Dataset records:
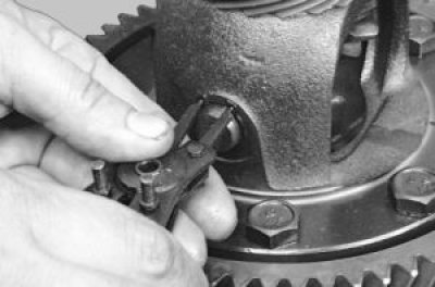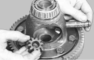 4. Выньте из корпуса дифференциала ось сателлитов и два сателлита.
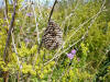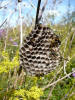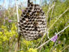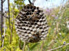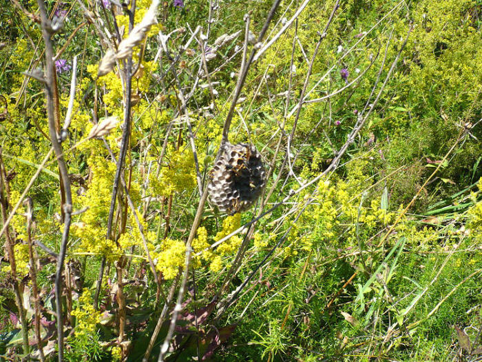 Nest einer Heide Fedwespe (Polistes nimpha) an einem Pflanzenstängel, auf einer stillgelegten Ackerfläche
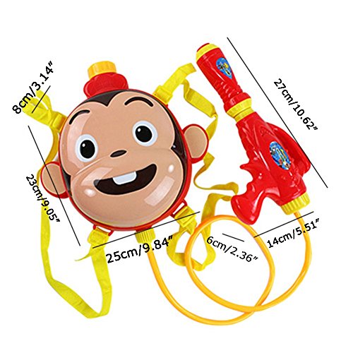Studio : Jutao Publisher : Jutao Binding : Toy Product Description Get ready to cool down from the heat this summer with this water blaster! This high pressure water system can shoot streams of water for up to 8-10meters to soak all your friends and family! The huge conpacity water backpack allows you to conveniently carry your water everywhere with you to soak everyone in your path! material: Plastic ABS >Backpack size:23cm x 25cm x 8cm, The water gun size Size: 27cm x 14cm x 6cm 0
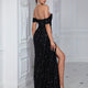 Robe De Soirée À Sequins avec Épaules Dénudées Et Fente pour Femme | Idéale pour Les Événements Formels
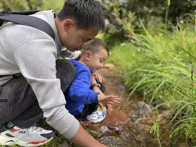 After hiking the ecological trail, I continued to take the tourist bus to the capital lake, and when I was about to go in, it rained, and I planned to wait for the rain to stop before going in, but the baby suddenly lost his temper. Just obey him and go in with an umbrella.
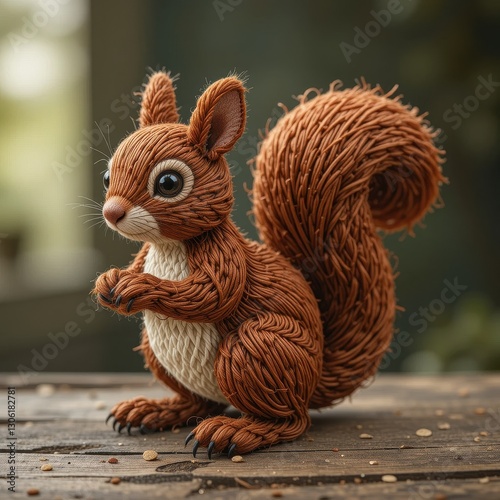 Adorable Red Squirrel Figurine Crafted from Yarn Sitting on Wooden Table
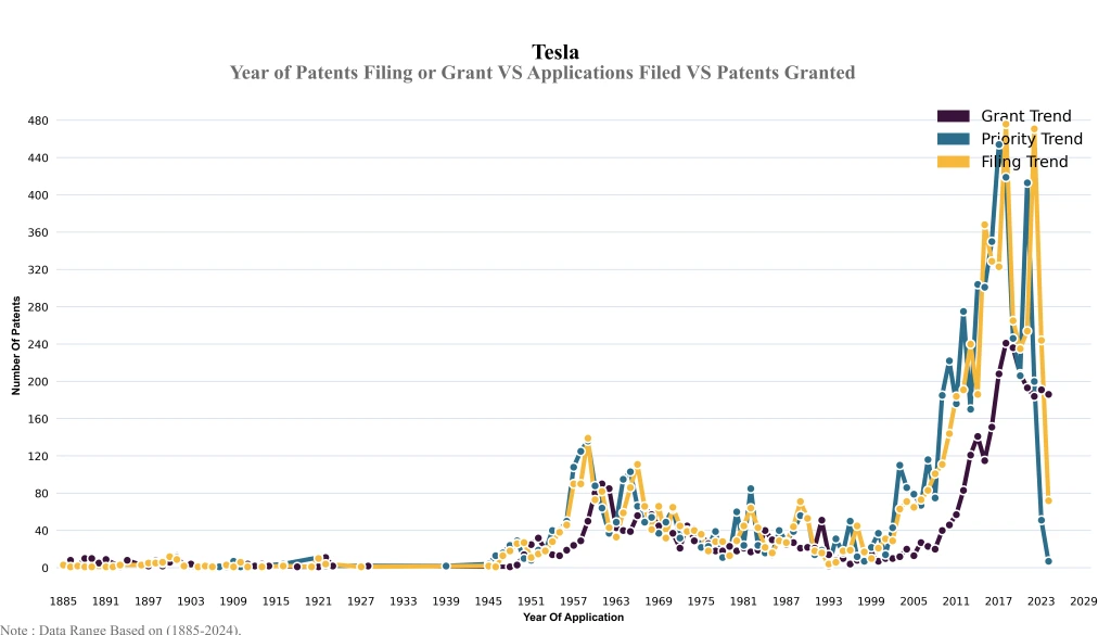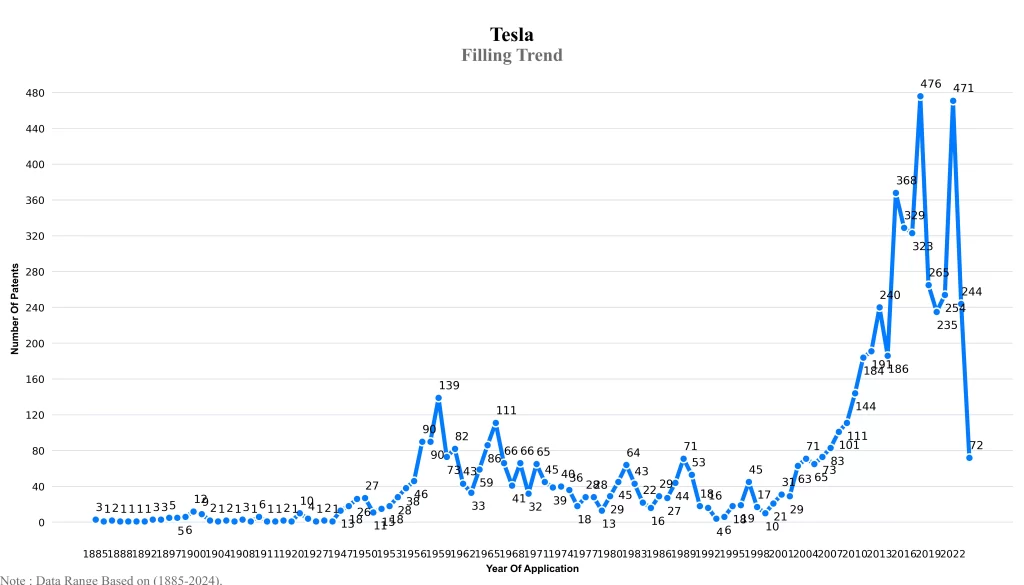 The below graphical representation indicates yearly filing trends of the Tesla, which shows that the number of applications peaked in 2018 with 2023-2024 filings potentially still being recorded, indicating that the trend could rise further.

== TASK ==
Begin the copy at the line containing "Adorable Red Squirrel" and end it at the last line of the records; transcribe exactly and exclude pictures.

== EXPECTED OUTPUT ==
 Adorable Red Squirrel Figurine Crafted from Yarn Sitting on Wooden Table
 The below graphical representation indicates yearly filing trends of the Tesla, which shows that the number of applications peaked in 2018 with 2023-2024 filings potentially still being recorded, indicating that the trend could rise further.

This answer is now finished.